Working As An Approved Driving Instructor

What is it like working as a Driving Instructor?

If you enjoy driving and are a good, effective communicator, then this work can be for you.  Approved driving instructors have a great deal of responsibility to teach customers the skills they need to drive safely “for life”, as well as passing their driving tests.

With each new learner, you check with them about any previous driving or other relevant experience such as riding a pedal cycle or possibly a motorcycle.  If they have driven a car before, begin by making a practical assessment.  Based on the outcome of this, you can plan a series of lessons to take the learners to the point where they can take their practical driving test. Many driving instructors also choose to become members of the driving instructors association

How to become a Driving Instructor


You might also cover the theory side in more detail, although most learners will usually do this in their own time. Most driving lessons follow a similar pattern, typically covering these areas:

  1. Basic vehicle pre-driving checks. Examples include the importance of correct tyre pressures and regular engine component checks such as the various fluid levels. Vehicle type, relevant specifications such as engine size and fuel used.
  2. Car controls, equipment and components. Examples include understanding the function of the accelerator, clutch, gears, footbrake, handbrake, steering and how to use these correctly. The benefits of ABS and electronic stability programmes.
  3. Vehicle characteristics. Examples include knowing the principles concerning use of speed and braking distances.  This should also include road holding under various road and weather conditions.
  4. Road Procedure. Examples include the knowledge and skills to carry out the observation routine, mirrors, signal and manoeuvre; correct use of speed and position and respond promptly to all risks.
  5. Road user behaviour. Examples include knowledge of the most common causes of collisions and which road users are most at risk and how to reduce that risk.
  6. Adapt to different driving and traffic conditions. Examples include knowing the particular hazards in both daylight and in the dark and on different types of road.
  7. Motoring law and the Highway Code. Examples include sufficient knowledge about traffic signs, road markings, pedestrian crossing types and parking regulations.
  8. Environmental Issues. For example, responsible driving technique will minimise the impact on the environment as well as achieving fuel cost savings.
  9. Dealing with emergency situations. It is important that new drivers know the action needed to avoid and correct skids, how to drive through floods and flooded areas and what to do when involved in a collision or breakdown.

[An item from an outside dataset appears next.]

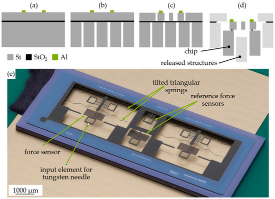 The chips were manufactured in a dicing-free process for silicon-on-insulator (SOI) substrates known from [20] using a device layer of 20 µm and a handle layer of 300 µm; this is shown in Figure 7. First, a 100 nm aluminum layer was sputtered on the device layer. The aluminum was used for the electrostatic activation of the comb-drive electrodes. Afterwards, the electrical contacts were patterned by lithography and wet chemical etching, so that the mechanical structures were not covered with aluminum (Figure 7a). In the next step, we etched the handle layer by deep reactive ion etching (DRIE) using a SiO2-hard mask (Figure 7b). To structure the device layer, we used a hard mask of aluminum nitride (AlN) and DRIE (Figure 7c). The chips were released from the substrate by hydrofluoric vapor etching (Figure 7d). Afterwards, the chips were fixed on PCBs. The simulated thickness of the springs was 5 µm; however, the fabricated thickness was 4.8 µm. Figure 7e shows a stacking photo of a fabricated chip with the spring demonstrator. Each spring system consists of a slider with two tilted guiding springs on each side. We provided the springs with additional force sensors to experimentally determine the force reaction on-chip. The chips also contain reference force sensors to determine the stiffness of the force sensors.

For the safety of learners, yourself and other road users, you will normally teach in a car fitted with dual brake and clutch. As the learner becomes more competent, you will leave the “nursery patch” and take them on to busier roads, dual carriageways and more complex junctions, including roundabouts. Once you believe the driver has reached a high enough standard, you advise them on applying for a driving test date. 

To help judge this date, it is useful to conduct a Mock Driving Test that simulates the real thing. You might wish to choose an associate ADI to conduct this for you.